In his Seminar on Analytical Psychology given in 1925, Jung talked about his first mystical experience. In The Red Book, he called the section where he described his experience MYSTERIUM, which is a clear indicator of the mystical aspect of that experience. In the Seminar, he recalled:
The next thing that happened to me was another fantastic vision. I used the same technique of the descent, but this time I went much deeper. The first time I should say I reached a depth of about one thousand feet, but this time it was a cosmic depth. It was like going to the moon, or like the feeling of a descent into empty space. First the picture was of a crater, or a ring-chain of mountains, and my feeling association was that of one dead, as if oneself were a victim. It was the mood of the land of the hereafter.

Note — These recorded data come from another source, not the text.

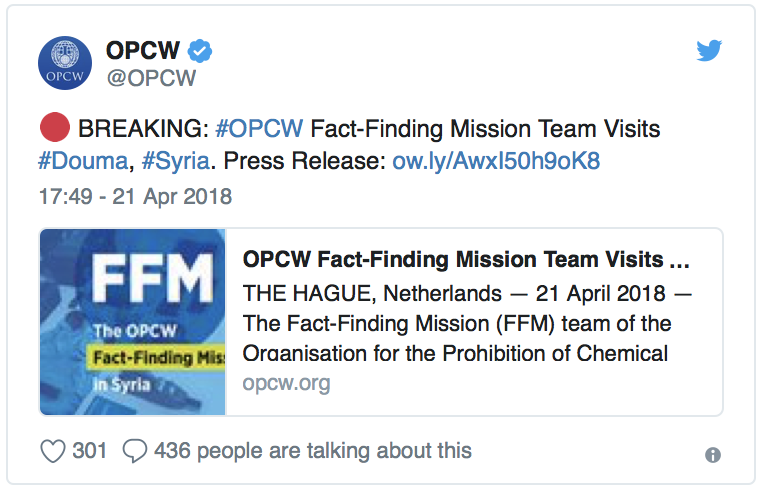 The Organization for the Prohibition of Chemical Weapons (OPCW) visited two sites in Douma on April 21 and 25 collecting samples there. The results haven’t been provided yet.
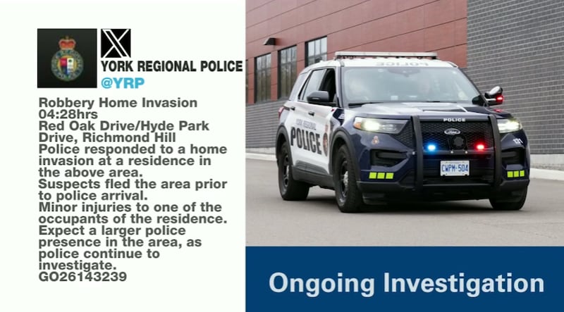 One person sustained minor injuries after a home invasion in Richmond Hill on Tuesday morning, police say.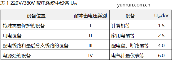 由總配電箱引入后級(jí)的線路,由于空間屏蔽等作用,可能遭受的過(guò)電壓將逐漸減小,需要安裝的SPD規(guī)格也可逐級(jí)降低,直到將過(guò)電壓限制在被保護(hù)設(shè)備能承受的電壓能力內(nèi)。建筑物內(nèi)部的線路上不同位置的設(shè)備可根據(jù)被保護(hù)設(shè)備的UW選擇合適Up值的SPD,見(jiàn)表2。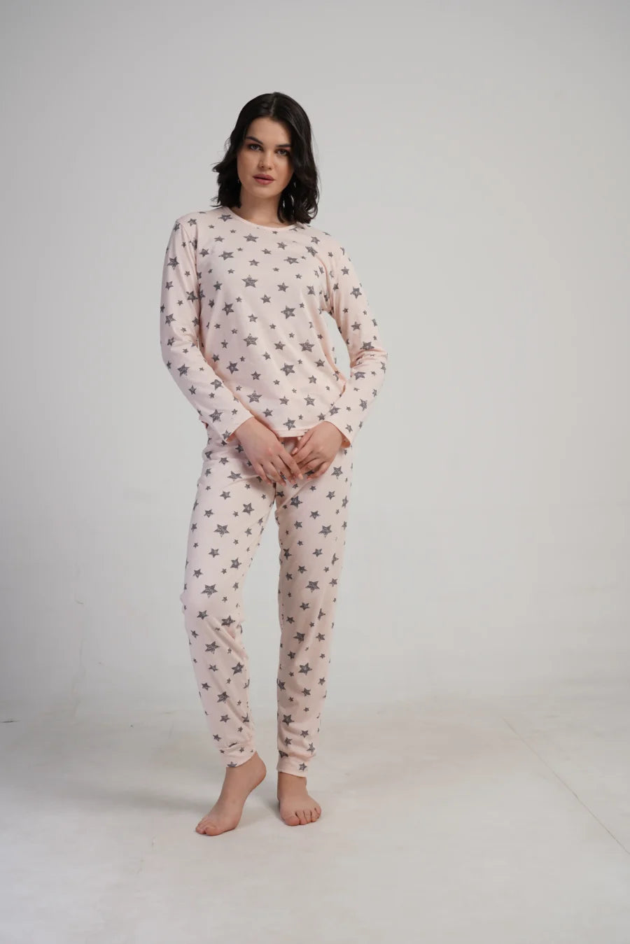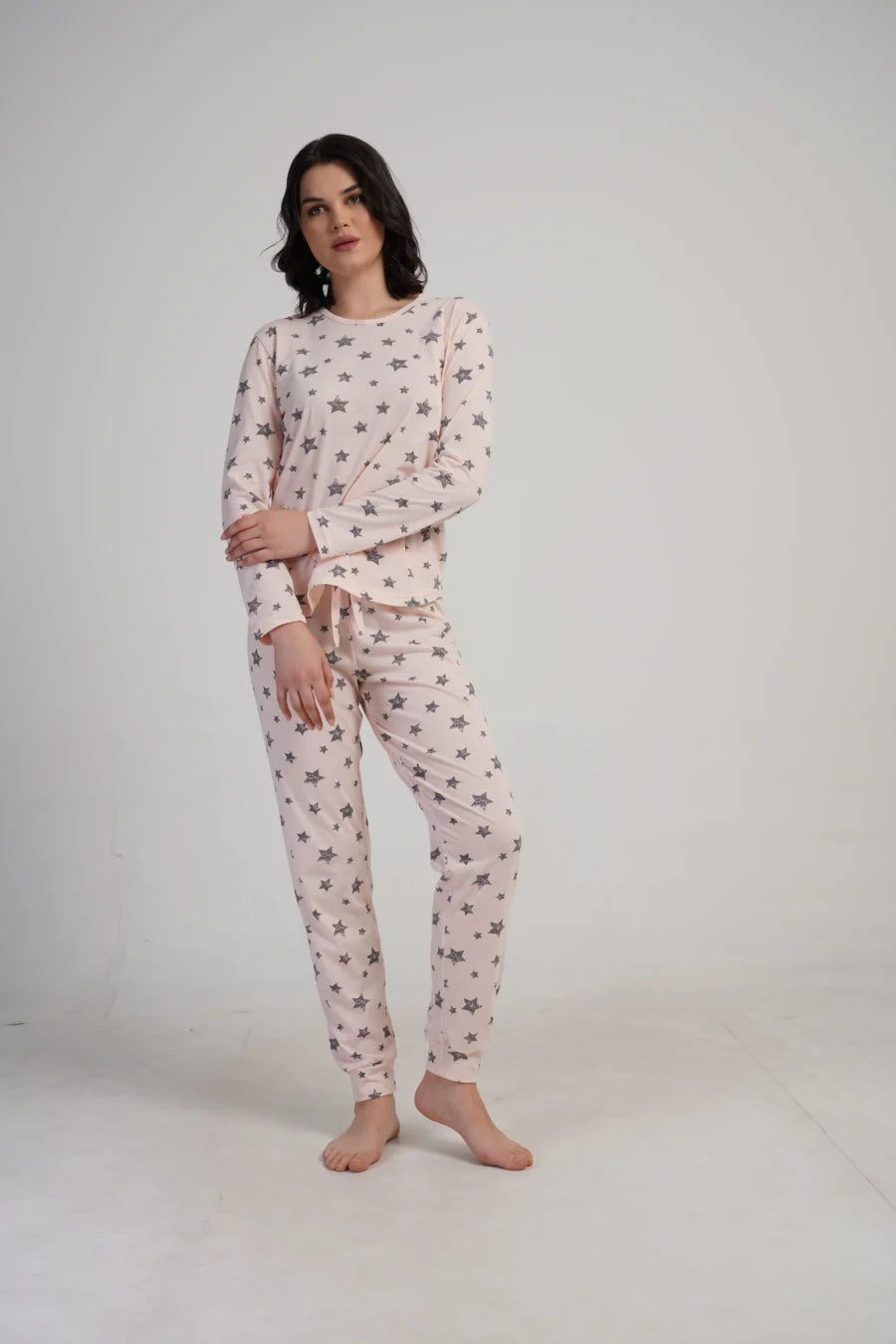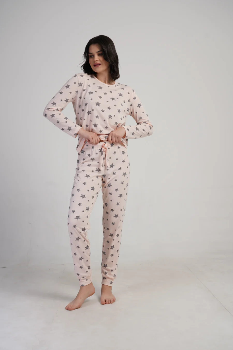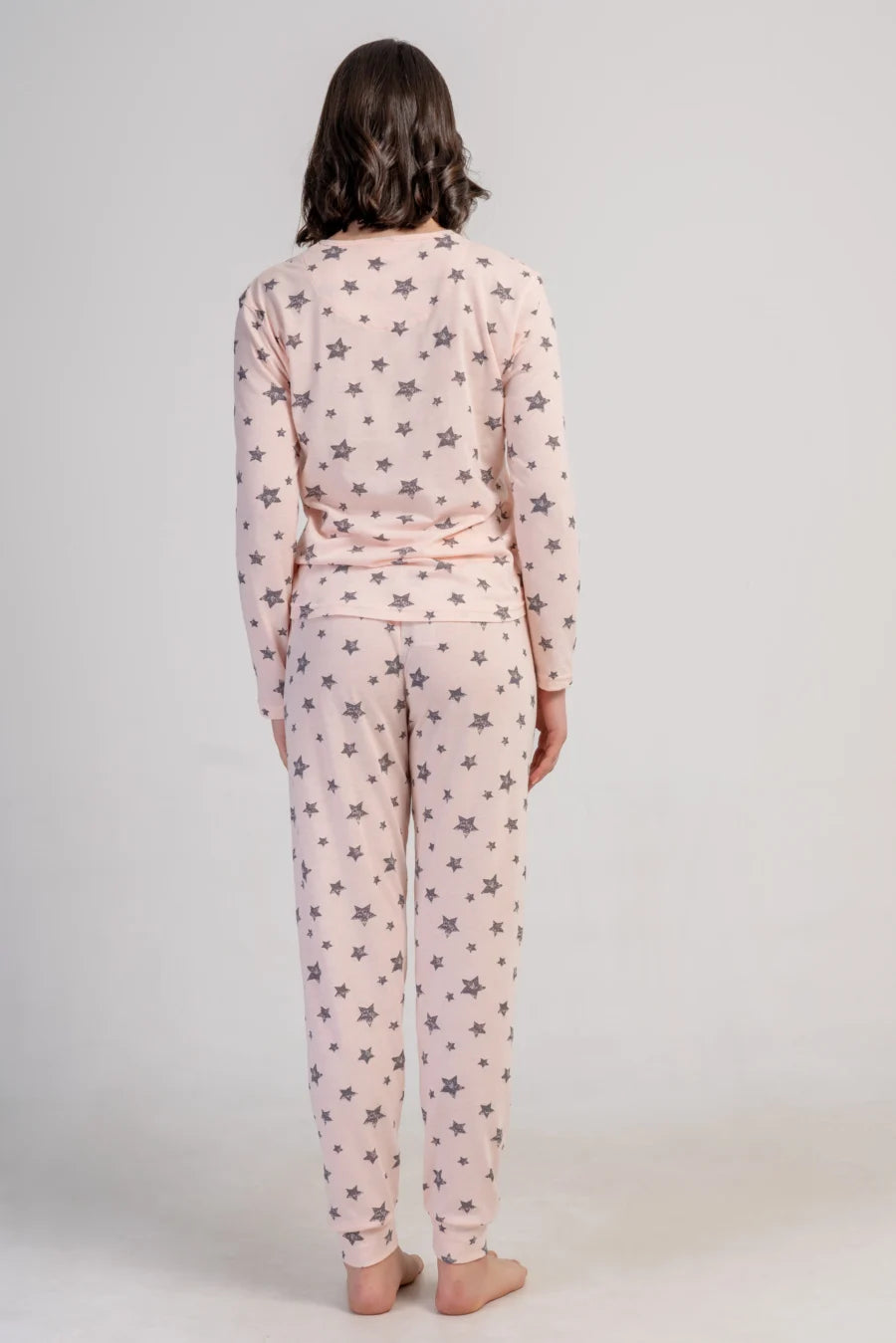 Zarówno bluzka, jak i spodnie utrzymane są w jednolitym, pudroworóżowym kolorze, ozdobione subtelnym nadrukiem szarych gwiazdek, który nadaje piżamie lekkości i uroku. Luźny fason sprawia, że komplet doskonale dopasowuje się do sylwetki, zapewniając swobodę ruchów przez całą noc.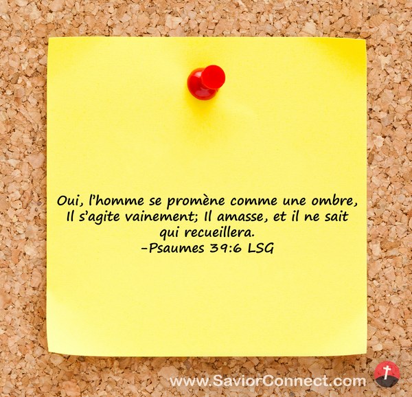 Oui, l'homme se promène comme une ombre, Il s'agite vainement; Il amasse, et il ne sait qui recueillera. -Psaumes 39:6 LSG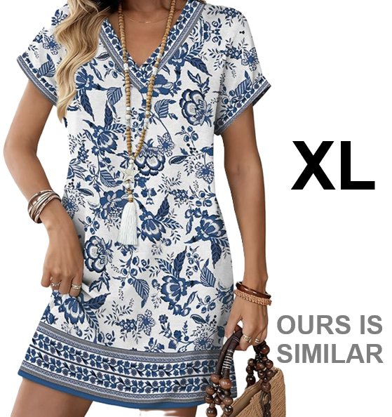 WOMENS tendency summer short sleeve dress - extra large - blue/ white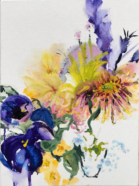 Plants and flower are a prominent features in my work from the fresh blooms and leaves they often stay around in the Studio long after they have faded. They become features and motifs in my larger studio paintings, but it always starts with an exploration in paint.Paintings made from a collection of spring garden plants, wild flowers and a few florist stems.

I could see two people, an old man with a white beard and a young girl who was very beautiful. I assumed them to be real and listened to what they were saying. The old man said he was Elijah and I was quite shocked, but she was even more upsetting because she was Salome. I said to myself that there was a queer mixture: Salome and Elijah, but Elijah assured me that he and Salome had been together since eternity. This also upset me. With them was a black snake who had an affinity for me. I stuck to Elijah as being the most reasonable of the lot, for he seemed to have a mind. I was exceedingly doubtful about Salome. We had a long conversation then but I did not understand it.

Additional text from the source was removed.